Cryptophasa nigricincta

Scientific classification
- Kingdom: Animalia
- Phylum: Arthropoda
- Clade: Pancrustacea
- Class: Insecta
- Order: Lepidoptera
- Family: Xyloryctidae
- Genus: Cryptophasa
- Species: C. nigricincta
- Binomial name: Cryptophasa nigricincta (Turner, 1898)
- Synonyms: Cryptophaga nigricincta Turner, 1898;

= Cryptophasa nigricincta =

- Authority: (Turner, 1898)
- Synonyms: Cryptophaga nigricincta Turner, 1898

Species of moth

Cryptophasa nigricincta is a moth in the family Xyloryctidae. It was described by Alfred Jefferis Turner in 1898. It is found in Australia, where it has been recorded from Queensland.

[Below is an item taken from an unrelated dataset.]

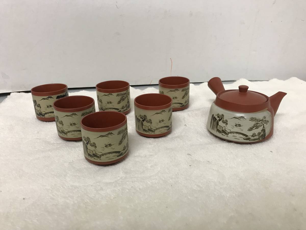 - レトロ 和柄 急須 KYUUSU 1個 湯呑 YUNOMI 6個 合計7個 セット まとめて お茶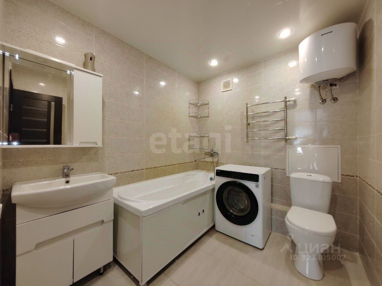В квартире сделан современный, качественный ремонт. Совместили кухню с комнатой, совместили ванную и туалет, между прихожей и залом убрали перегородку. Балкон застеклен.

The wingspan is 25–30 mm for males and 40–45 mm for females. The forewings of the males are dark slate-coloured and with a large black dot in the disc at beyond one-third, and two placed transversely in the disc at two-fifths. There is a row of black dots along the hindmargin and the apical one-fourth of the costa. The hindwings are blackish. Females have clear white forewings with a black dot in the disc beyond one-third, and two in the disc at three-fifths placed transversely, the lower rather posterior. There is a series of black dots along the hindmargin and the apical one-third of the costa. The hindwings are white, sometimes irregularly suffused with fuscous and there is a row of black dots along the hindmargin.

The larvae feed on Eucalyptus species. They bore in the stem of their host plant.